- Opening Delimiter -

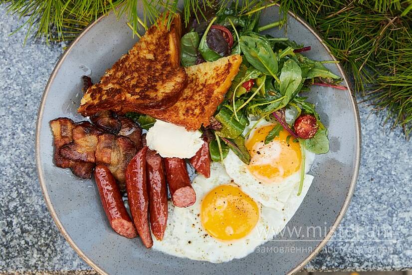 Два окатих яйця з мисливськими ковбасками, крем сиром, підсмаженим хлібчиком на маслі, беконом, міксом салату та томатами чері.
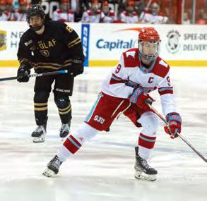 On the blue line, senior Cooper Anderson (White Bear Lake, Minn.) posted five assists in 20 games and tied for the team lead with a plus/ minus rating of +6 last season. He has nine points (1g/8a) and a +13 in 37 career games. Senior Danny Eckerline (Orono, Minn.), SJU’s mostexperienced defenseman with five points (2g/3a) in 74 career games, is back alongside a pair of juniors in Zach Enebak (Lakeville, Minn.) and Michael Spinner (Prior Lake, Minn.). Enebak touts five assists in 17 career games, while Spinner has nine points (3g/6a) and a +9 in 32 career games.
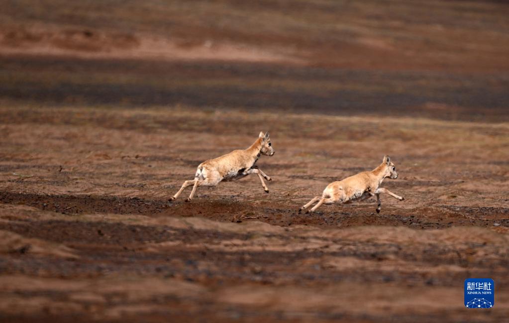 兩只藏羚羊在可可西里卓乃湖區域活動(6月17日攝)。
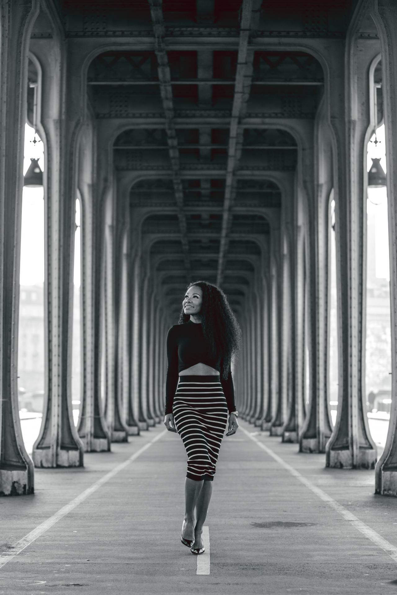 Во-первых, сам мост довольно фотогеничен и представляет собой некий тунель в эйфелевом стиле - можно поиграть перспективами.
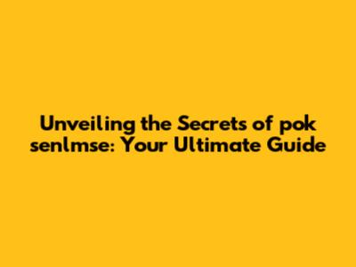 Unveiling The Secrets Of Pok Senlmse: Your Ultimate Guide
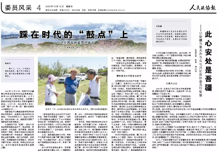 【人民政協(xié)報(bào)】2025年12月12日,人民政協(xié)報(bào)專(zhuān)訪(fǎng)柯希平文章《踩在時(shí)代的“鼓點(diǎn)”上》,刊登于第4版“委員風(fēng)采”欄目,照寧記者手記《致敬民營(yíng)企業(yè)家,致敬奮斗者》同步刊登。柯希平:第十二、十三、十四屆全國(guó)政協(xié)委員,廈門(mén)市工商聯(lián)主席,廈門(mén)恒興集團(tuán)有限公司董事長(zhǎng)。2025年11月27日,柯希平作為董事長(zhǎng)帶領(lǐng)低空經(jīng)濟(jì)知名品牌奧捷龍,參加2025亞洲通用航空展;12月3日,他以第二大股東身份,出席廈門(mén)奧普拓自控科技有限公司股東董事交流會(huì);12月5日,他以投資人身份,出席“國(guó)產(chǎn)GPU第一股”摩爾線(xiàn)程的上市敲鐘儀式……在新質(zhì)生產(chǎn)力賽道加速布局并收獲頗豐的柯希平,在接受記者采訪(fǎng)時(shí)樸實(shí)地說(shuō):“作為農(nóng)民的兒子,創(chuàng)業(yè)30多年來(lái),我走對(duì)的每一步,都是因?yàn)榫o跟了國(guó)家經(jīng)濟(jì)命脈的跳動(dòng)?!睆募缣艮r(nóng)產(chǎn)品“趕集”,到如今的商業(yè)版圖涵蓋冶金礦產(chǎn)、商業(yè)貿(mào)易、民辦教育、文化旅游、資產(chǎn)管理、股權(quán)投資等多個(gè)領(lǐng)域,柯希平的經(jīng)歷正是改革開(kāi)
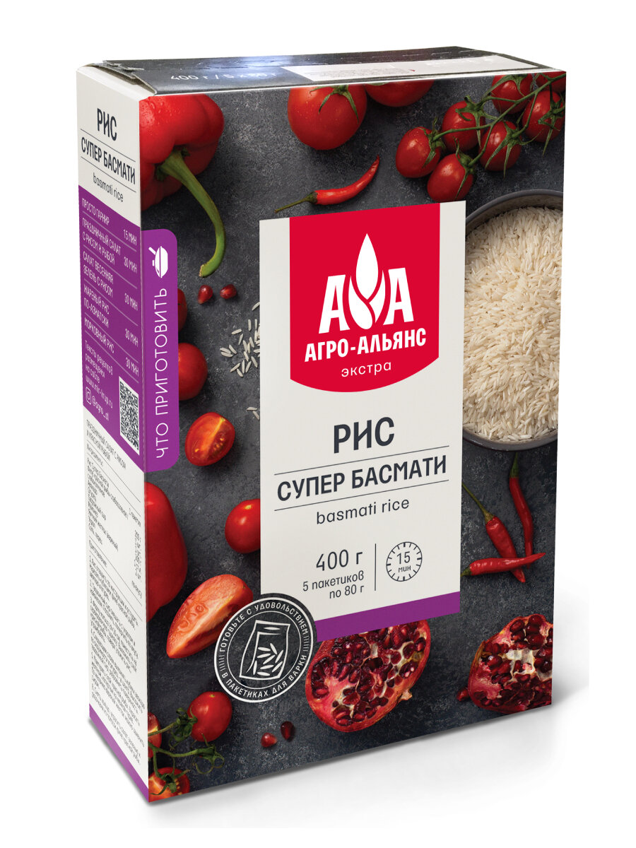 Купить Рис Супер Басмати Агро-Альянс Экстра в пакетиках для варки 400г (5*80г)

- Closing Delimiter -

Aim of the exercise>
Repeat, with no pictures, each line from the beginning of the data through the line containing "Unveiling The Secrets", inclusive.

Response>
 Два окатих яйця з мисливськими ковбасками, крем сиром, підсмаженим хлібчиком на маслі, беконом, міксом салату та томатами чері.
 On the blue line, senior Cooper Anderson (White Bear Lake, Minn.) posted five assists in 20 games and tied for the team lead with a plus/ minus rating of +6 last season. He has nine points (1g/8a) and a +13 in 37 career games. Senior Danny Eckerline (Orono, Minn.), SJU’s mostexperienced defenseman with five points (2g/3a) in 74 career games, is back alongside a pair of juniors in Zach Enebak (Lakeville, Minn.) and Michael Spinner (Prior Lake, Minn.). Enebak touts five assists in 17 career games, while Spinner has nine points (3g/6a) and a +9 in 32 career games.
 兩只藏羚羊在可可西里卓乃湖區域活動(6月17日攝)。
 Во-первых, сам мост довольно фотогеничен и представляет собой некий тунель в эйфелевом стиле - можно поиграть перспективами.
 Unveiling The Secrets Of Pok Senlmse: Your Ultimate Guide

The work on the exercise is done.